### EXERCISE DESCRIPTION
Please copy exactly the part of the records below that opens with the line containing "When the output" and closes with the line containing "University Blue/Black/White [Custom", leaving out any pictures.

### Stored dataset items
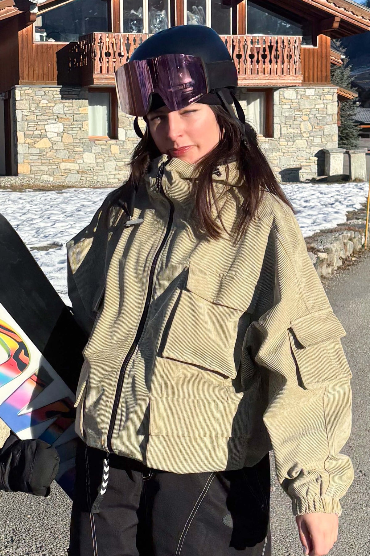 This snow jacket is made of high quality 100% polyester corduroy fabric, treated with 2L fabric pressing process and water repellent coating, making it waterproof up to 15k and moisture permeable up to 10k, together with skin-friendly fleece on the neckline, the overall is both dry and skin-friendly. Elastic cuffs and drawstring hem, effectively organizing powder snow intrusion. Multiple pockets are designed to provide extra storage space for a variety of needs while skiing.
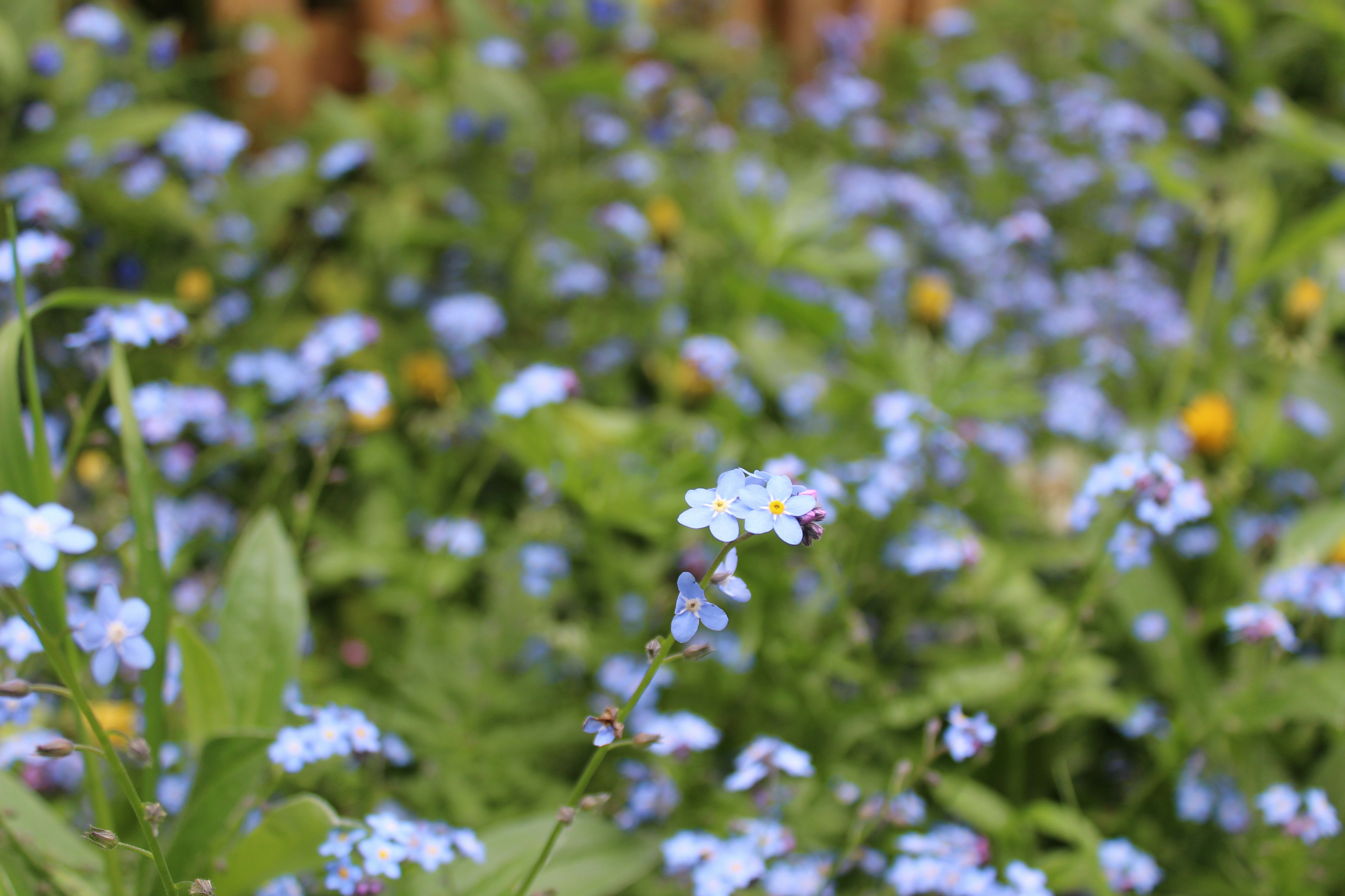 The forget me nots are out. The bluebells are out. Be with them. The wild mountain irises are in bloom and they’re like a Bob Dylan song.
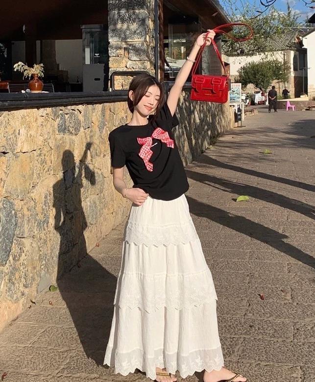 短袖配半身長裙的穿搭,夏天這樣穿一整個韓範十足,蝴蝶結的短袖t恤,細節感十足,配白色蛋糕半身長裙,也太溫柔了吧,出門隨便踩着一雙涼拖鞋,度假遊玩這麼穿,很舒適自在。
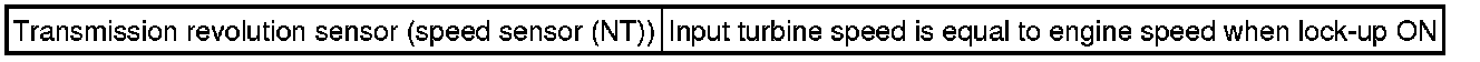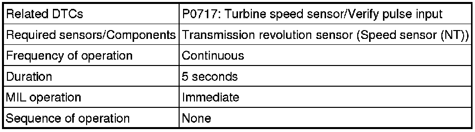 When the output shaft speed is higher than the expected value and the input shaft speed is 300 rpm or less while running with the shift in the D position, the ECM will conclude that there is malfunction of the input turbine speed sensor (NT). The ECM will illuminate the MIL.
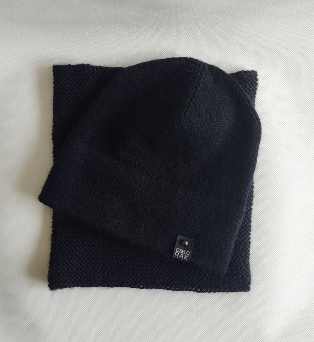 Nazwa produktu: Komplet ręcznie robiony na drutach z alpaką, czarny.
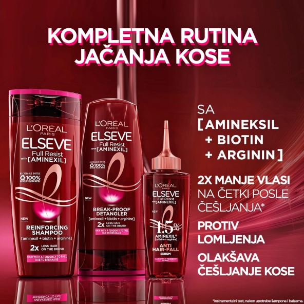 Prvi put od L'Oreal Paris-a pruženo je klinički dokazano naučno rešenje protiv opadanja kose i demokratizovano je za sve žene. Predstavljamo Elseve Full Resist serum protiv opadanja kose sa formulom koja sadrži 1.5% amineksila, kao i kofein i arginin, za manje vidljivo teme za samo 6 nedelja*.
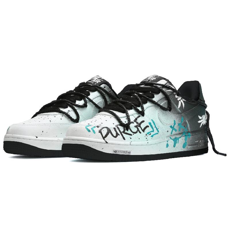 [Custom Men's gradient black, white and blue]  Air Force 1 Skateboarding Shoes Men Low-top University Blue/Black/White [Custom Men's gradient black, white and blue]  Air Force 1 Skateboarding Shoes Men Low-top University Blue/Black/White
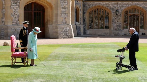 La Reina de Inglaterra elogió personalmente a Tom Moore y le dijo: “Muchas gracias, una increíble cantidad de dinero que recaudó”. Increíble de hecho… Originalmente Tom esperaba recaudar mil libras, pero al final recaudó más de 32 mil 500 libras y más de un millón y medio de seguidores.
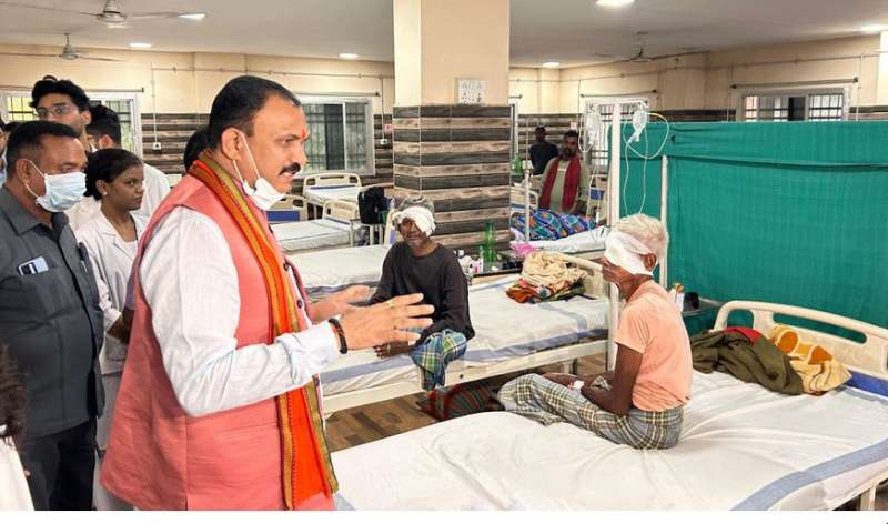 रायपुर : स्वास्थ्य मंत्री श्याम बिहारी जायसवाल ने आज रायपुर के मेकाहारा अस्पताल का निरीक्षण किया। जायसवाल ने अस्पताल में भर्ती मरीजों को मिल रही सुविधाओं का जायजा लिया और मरीजों से बात कर उनके जल्द स्वस्थ होने की कामना की। जायसवाल ने इस दौरान दंतेवाड़ा से आए मोतियाबिंद ऑपरेशन कराने वाले मरीजों से भी मुलाकात कर उनके स्वास्थ्य की जानकारी ली। स्वास्थ्य मंत्री ने अस्पताल के स्टाफ और चिकित्सकों से भी बात कर उन्हें बेहतर काम करने और मरीजों की उचित देख देख करने के निर्देश दिए।

### EXPECTED ANSWER
 When the output shaft speed is higher than the expected value and the input shaft speed is 300 rpm or less while running with the shift in the D position, the ECM will conclude that there is malfunction of the input turbine speed sensor (NT). The ECM will illuminate the MIL.
 Nazwa produktu: Komplet ręcznie robiony na drutach z alpaką, czarny.
 Prvi put od L'Oreal Paris-a pruženo je klinički dokazano naučno rešenje protiv opadanja kose i demokratizovano je za sve žene. Predstavljamo Elseve Full Resist serum protiv opadanja kose sa formulom koja sadrži 1.5% amineksila, kao i kofein i arginin, za manje vidljivo teme za samo 6 nedelja*.
 [Custom Men's gradient black, white and blue]  Air Force 1 Skateboarding Shoes Men Low-top University Blue/Black/White [Custom Men's gradient black, white and blue]  Air Force 1 Skateboarding Shoes Men Low-top University Blue/Black/White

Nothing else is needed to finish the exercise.